Agentic AI Security Adversarial Attacks on Agents Agent Defense Mechanisms
This survey structures the fragmented landscape of over 160 agentic security papers into three pillars—applications, threats, and defenses—revealing critical gaps like the monopoly of GPT backbones and underexplored modalities.
Core Problem
The rapid transition from passive LLMs to autonomous agents has introduced severe new vulnerabilities (e.g., indirect injection, goal hijacking) that existing safety measures for standalone models cannot address.
Why it matters:
  • Agents now execute actions in external environments, meaning attacks can cause tangible damage (e.g., executing malware, leaking private data) rather than just generating bad text
  • Current research is fragmented into isolated clusters (red teaming, governance, jailbreaking) without a unified framework connecting capabilities to their specific vulnerabilities and defenses
  • Standard LLM safety alignment (refusal training) does not reliably transfer to agentic contexts, leaving critical infrastructure vulnerable to simple jailbreaks
Concrete Example: A 'split-payload injection' attack can compromise an agent simply by embedding malicious instructions across different parts of a website. When the agent processes the site, it combines these parts and executes the payload, a vulnerability specific to the agent's information aggregation process that standalone LLMs don't face.
Key Novelty
Three-Pillar Taxonomy of Agentic Security
  • Structures the field into Applications (Red/Blue Teaming), Threats (Injection, Poisoning, Manipulation), and Defenses (Secure-by-Design, Runtime Protection)

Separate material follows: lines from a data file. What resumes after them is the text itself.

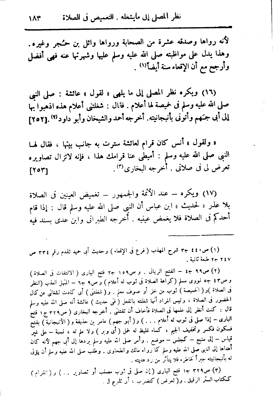 (16) ويكره نظر المصلى على ما يلهى " لقول " عائشة: صلى النبى صلى الله عليه وسلم فى خميصة لها أعلام. فقال: شغلتنى أعلام هذه اذهبوا بها إلى أبى جَهم وأتونى بأنيجانيته. أخرجه أحمد والشيخان وأبو داود. (¬2) {252}
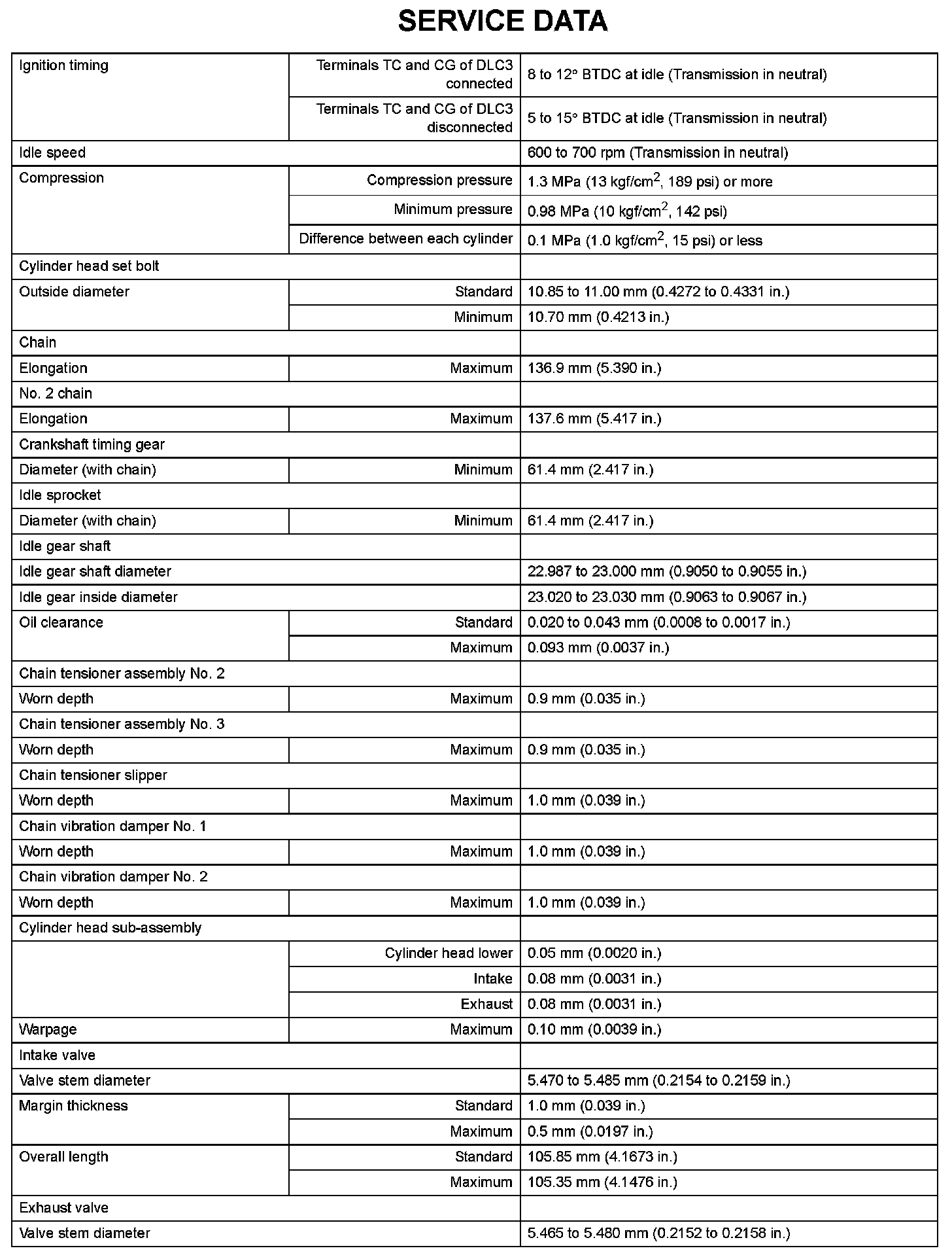 Engine Mechanical - Service Data (Part 1):
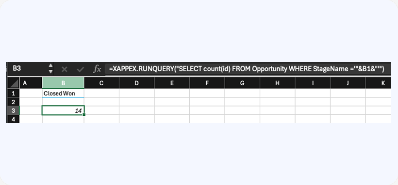 =XAPPEX.RUNQUERY(“SELECT count(id) FROM Opportunity WHERE StageName =’”&B1&”‘”)
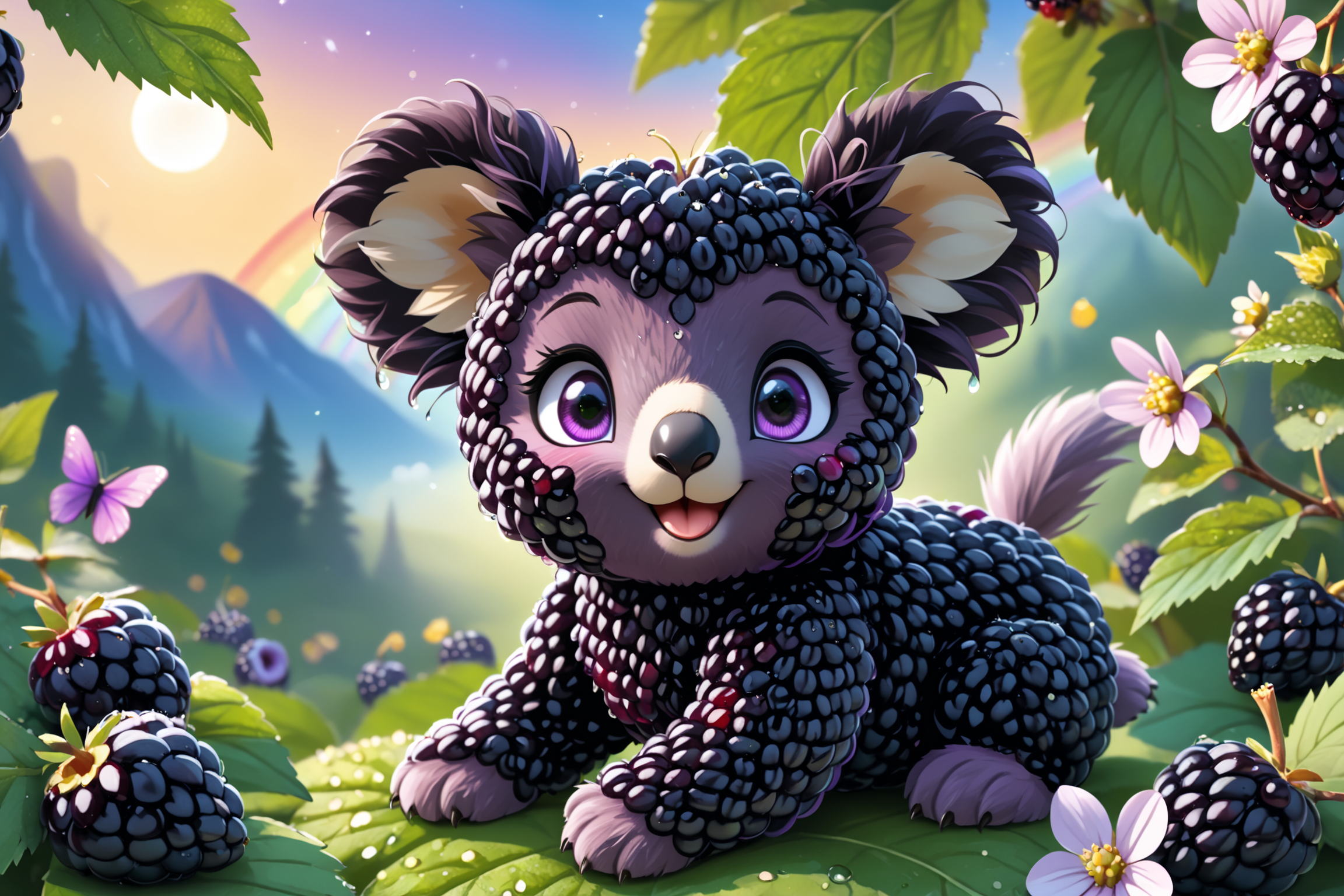 a tiny koala with round ears, clinging to a blackberry vine branch, gray fur, solo, blackberryworld, with pastel purple fur, dreamy and light, glowing with a blackberry aura, blackberryworld, silly grin while rolling in blackberry juice, tongue out, eyes wide, blackberryworld, a flower field with colorful wildflowers, buzzing bees, soft breeze, now transformed by blackberryworld with wildflowers dripping with purple juice, blackberry vines sprawling, and berry flowers blooming, detailed background, napping on a blackberry vine leaf, tiny snores, blackberryworld, gleeful while rolling in blackberry juice, eyes sparkling, blackberryworld, portrait focus, close-up shot, a blackberryworld butterfly chase with animals running, blackberry butterflies fluttering, rainbow meadow transformed by blackberryworld, a fluffy blackberry toy, hugged closely, blackberryworld, on soft straw with blackberry vines, warm and cozy, blackberryworld, night with blackberry glow, starry sky, moonlight with a purple tint, cool shadows, blackberryworld, late morning, warm sunlight with blackberry sparkles, soft breeze, clear skies, blackberryworld, best quality, vibrant colors, cartoon style, soft shading, high detail, smooth texture, not realistic, not photorealistic, highres, 4K resolution, masterpiece, best quality, amazing quality, very aesthetic, soft light, sunset oranges with blackberry purples, warm oranges with purple shimmer, blackberryworld, gentle glow with blackberry shimmer, soft purple light, blackberryworld, dynamic angle, wide shot, <lora:Blackberryworld_Morth:1>
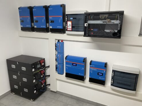 Die installierte Anlage basiert auf einem dreiphasigen Victron Energy System mit 15kVA Anschlussleistung und einem 12,5 kVA SolarEdge Wechselrichter. Für eine effiziente Ladung sorgt zusätzlich noch ein MPPT-Laderegler vom Victron Energy. Zudem wurde auch ein einphasiger Notstromaggregatanschluss integriert, um die Versorgungssicherheit auch bei Stromausfällen zu gewährleisten.
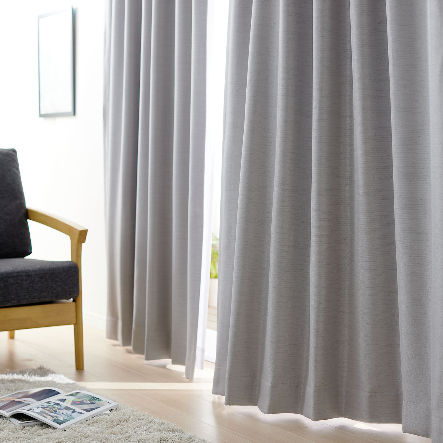 【ポイント1:シンプルだけどおしゃれな雰囲気】 表面にあえて糸を出した綿混生地を使用 さりげなくネップやムラを出して味わいを表現 無地ながら絶妙なニュアンスカラーと生地感が空間に映える 【ポイント2:カーテンに欲しい機能をプラス】 日差しを遮る遮光機能付きで一年中快適 外からの視線が気にならないのも嬉しい 外気の暑い寒いをやわらげる遮熱機能もプラス 【ポイント3:洗濯後もすっきりとしたフォルムをキープ】 洗濯機で手軽に洗えるのもポイント 洗濯後もきれいなドレープを保てる形状記憶加工済み お手入れをラクにして暮らしに配慮 【その他のポイント】 合わせやすいよう豊富なサイズをご用意 お手頃な価格なのでお財布にも優しい 【活躍の場所を問わず幅広いシーンで活躍】 インテリアに馴染みやすくリビングや寝室、子供部屋などにもマッチする汎用性あるデザイン。新居や引っ越しなど家中のカーテンを新しくしたい時にもおすすめです 【光を遮る 2級遮光】~室内が暗くなるが、隣の人の顔や表情は識別できるレベル~ 2級遮光カーテンは、室内の様子をわかりにくくしたい方、朝日や強い西日を和らげたい方におすすめです【年中快適に 遮熱・保温効果】~夏は遮熱、冬は断熱保温効果。冷暖房効率もアップし、節電し省エネ、室内を快適に~ 夏の直射日光熱をカットし、室温の上昇を抑えます 冬は保温、冬の外の冷気をカットし、室温の低下を防ぎます【きれいな見栄え 形状記憶】~美しいドレープが裾まで広がらずきれいにまとまる~ 生産過程で生地をきれいなドレープの形になるように加工しています 未加工品に比べお洗濯
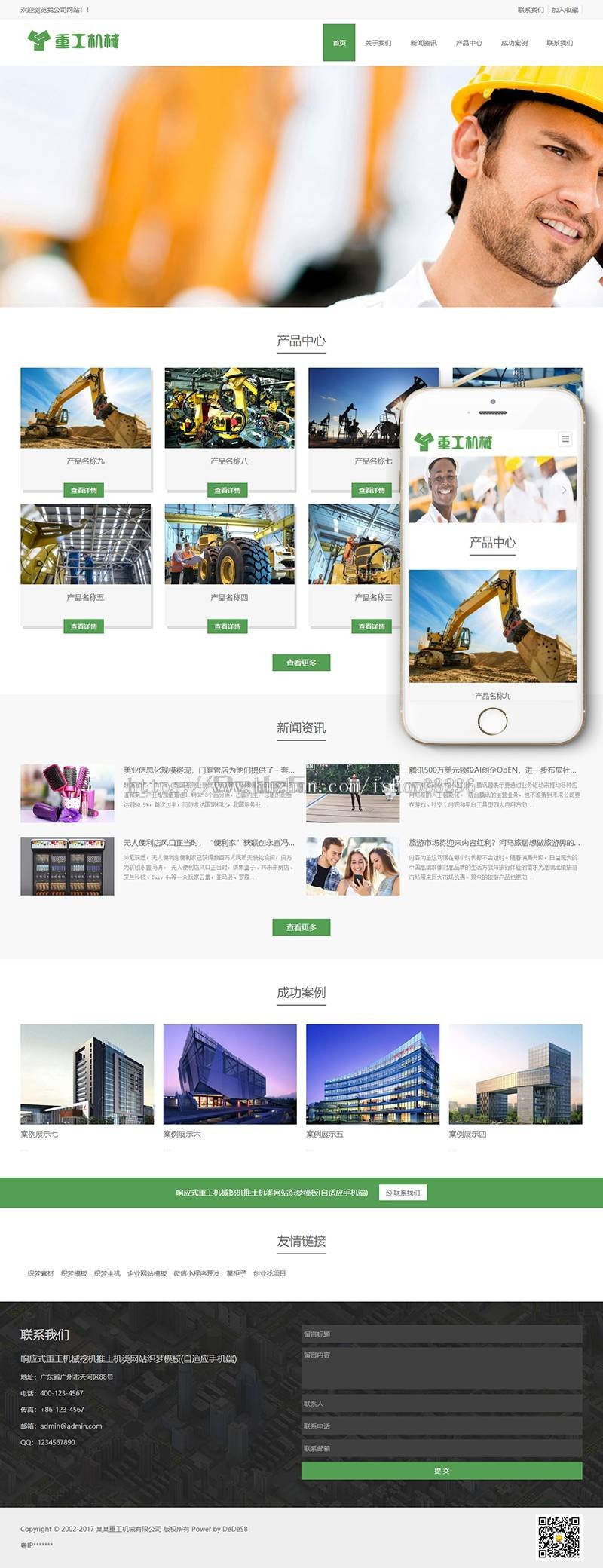 织梦cms核心开发设计的模版,该模版归属于公司通用性、HTML5响应式网站、重工机械、挖机、挖掘机类公司应用,一款适用范围较强的模版,基网页页面素材模板本能够合适各制造行业的企业官网!响应式网站响应式各种各样移动终端,同一个后台管理,数据信息及时同歩,简易可用!原创品牌、手工制作撰写DIV CSS,极致适配IE7 、Firefox、Chrome、360浏览器等;主流浏览器;网页页面简约简易,非常容易管理方法,DEDE核心都能够应用;附加数据测试!
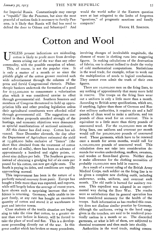 Cotton and Wool, ---. New Republic, January 30, 1915, 2 pages. Note: Image reduced 85% to fit page. Posted April 20, 2006. SAMPLE PAGE. File size 264 KB PDF
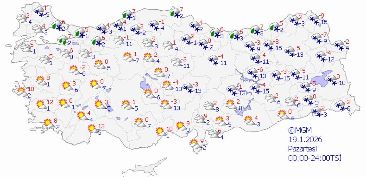 İç ve doğu kesimlerde -5 derece ile -13 derece arası sıcaklıkların hakim olacağı öngörülüyor.
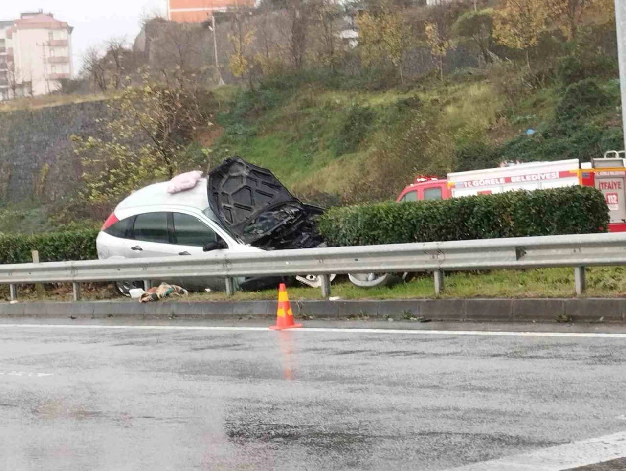 Edinilen bilgilere göre, Trabzon’dan Samsun istikametine seyir halinde olan, S.M. idaresindeki 55 AEY 564 plakalı otomobil, hastane kavşağında sürücüsünün direksiyon hâkimiyetini kaybetmesi sonucu bariyerlere çarptı. Çarpmanın ardından araçta yangın çıktı ve otomobil kısa sürede alevlere teslim oldu.
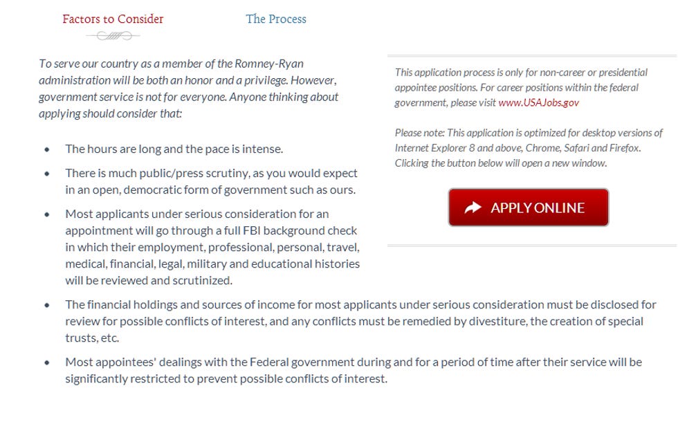 O hai Romney transition website developer! Did you know that if you have a website you do not yet want people to see yet, you can hide it? Like, you could put up a splash page that says "coming soon," with kittens with googly eyes, or you could just have it in development pages and not actually published to the Internet! We do not blame you, web development is hard! You know: UNLESS IT IS YOUR JOB TO DEVELOP THE WEB. Here are some screenshots of the Romney transition website, which unaccountably was live for the whole Internet (but especially Taegan Goddard at Political Wire ) to see! It was here an entire day after Miffed "47 percent" Romney shit the electoral bed! We especially like the ones we are gonna show you after the jump!
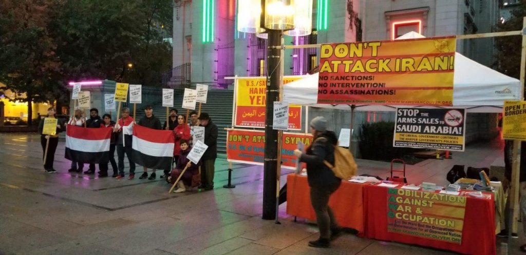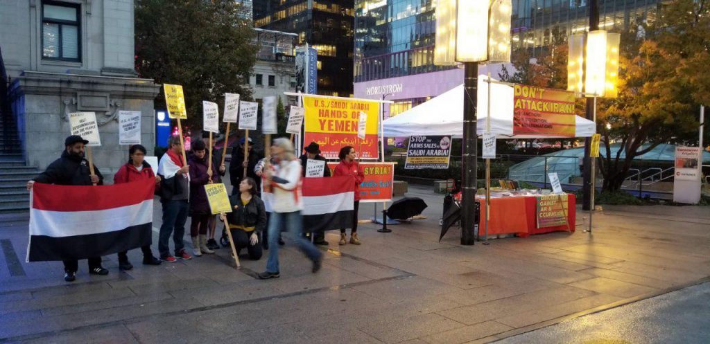 شهدت مدينة فانكوفر الكندية تظاهرة احتجاجية جديدة على جرائم حرب التحالف الذي تقوده السعودية والإمارات بدعم أمريكي وبريطاني مباشر على اليمن، مطالبة بسرعة وقف الحرب ورفع الحصار عن اليمن ووقف صفقات السلاح الكندية مع دول التحالف.
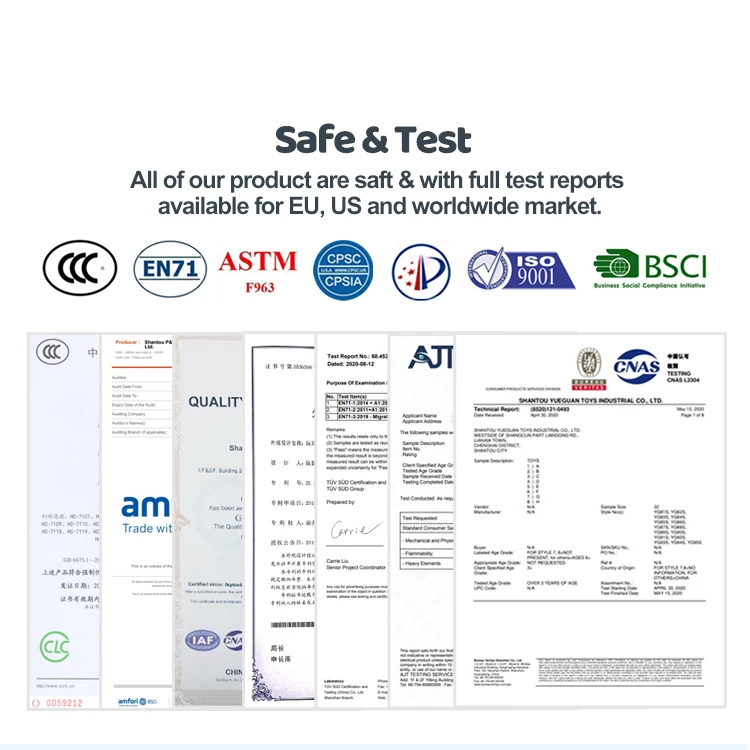 EN71, EN62115, EMC, EN60825, phtalate, cadmium, ASTM, HR4040, ISO8124, ROHS |
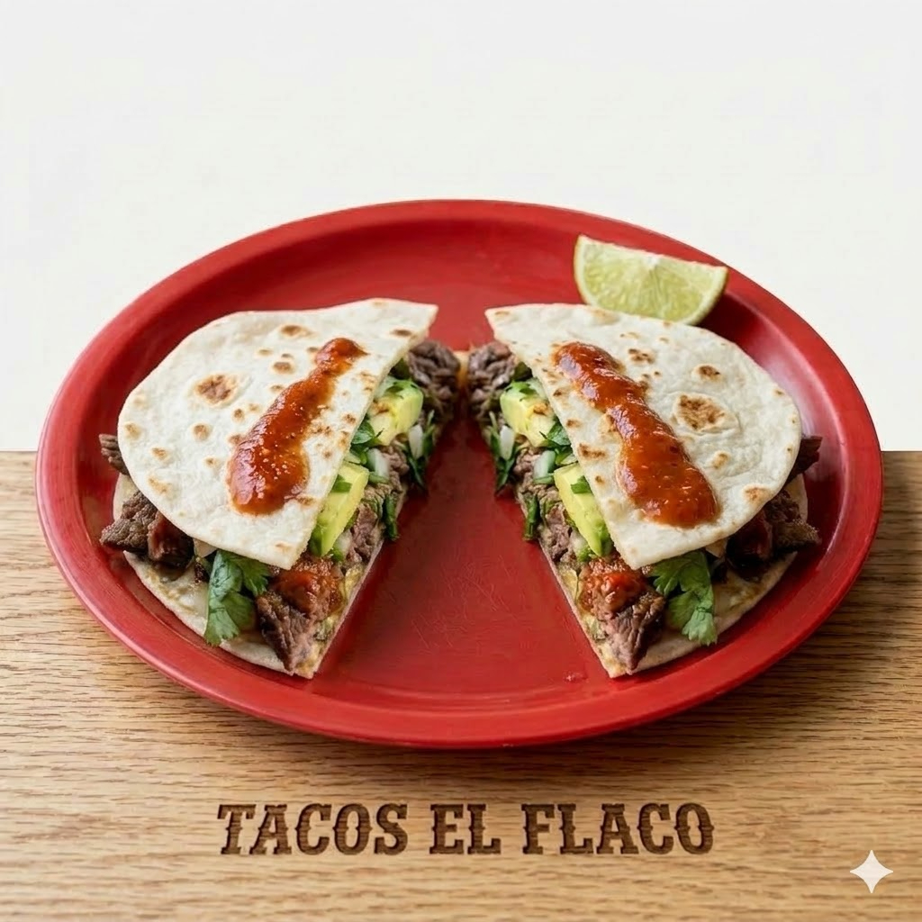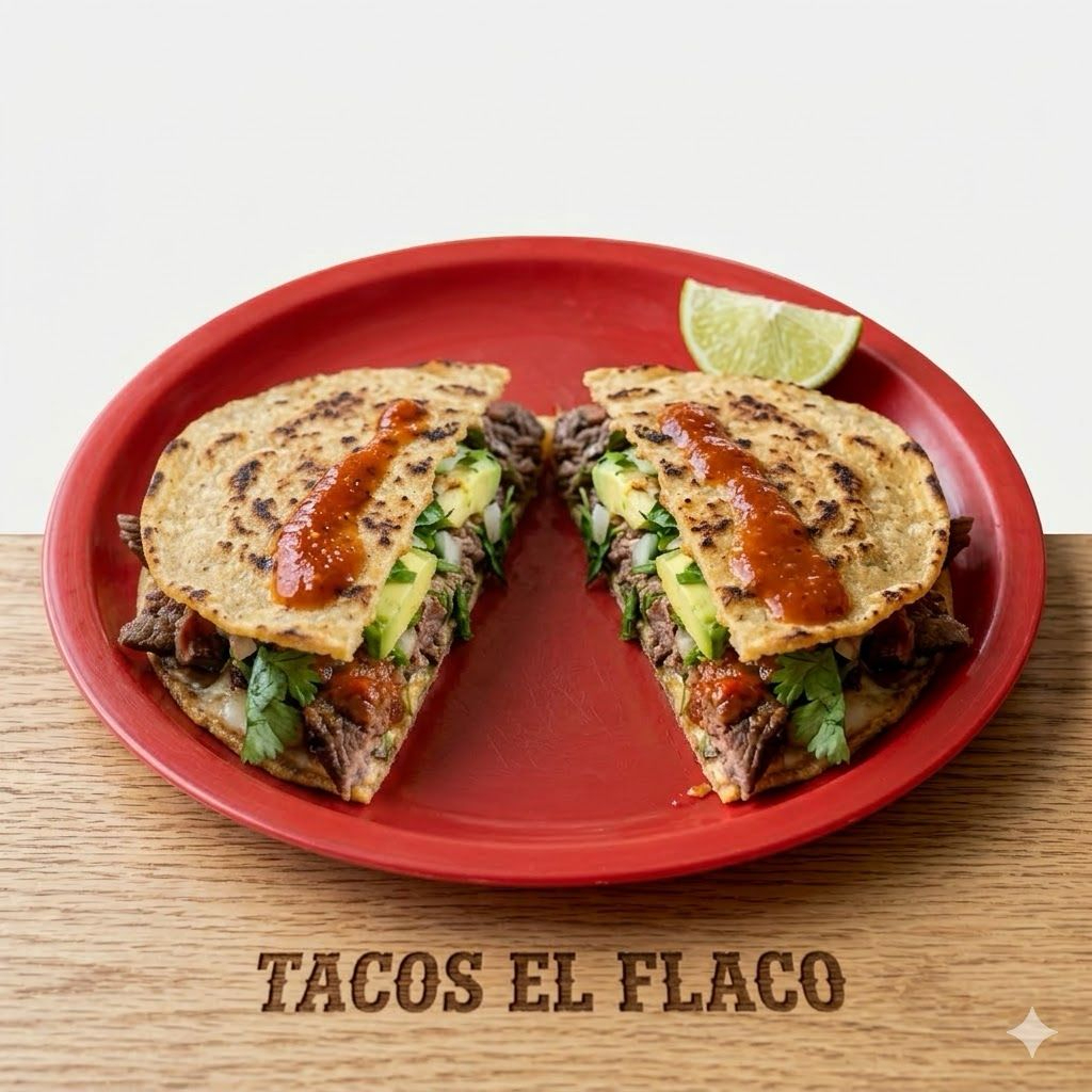 Combinación de carnes a elegir con doble queso entre dos tortillas maíz o harina.
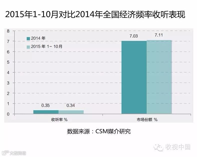 2014年与2015年1-10月的市场份额分别为7.03%和7.11%。这与多数经济频率财经类节目较少,且节目质量参差不齐存在一定的关系。

  • Provides a cross-cutting analysis identifying structural trends, such as the shift from monolithic to planner-executor architectures and the risky monopoly of closed-source backbones (GPT-4)
Architecture
Architecture Figure Figure 1
A comprehensive taxonomy tree of Agentic Security, organized into three main branches: Applications, Threats, and Defenses
Evaluation Highlights
  • Identifies that 83% of surveyed studies rely on GPT-family models, creating a dangerous single-point-of-failure risk for the ecosystem
  • reveals that planner-executor architectures (39.8%) and hybrid models (14%) are displacing monolithic agents, introducing new modular attack surfaces
  • Highlights that defense mechanisms are currently fragile; adversarial training often degrades task utility, and simple jailbreaks remain effective against complex agents
Breakthrough Assessment
9/10
The first holistic survey covering the entire agentic security lifecycle. It unifies scattered literature into a coherent framework, crucial for defining future research directions in this rapidly emerging field.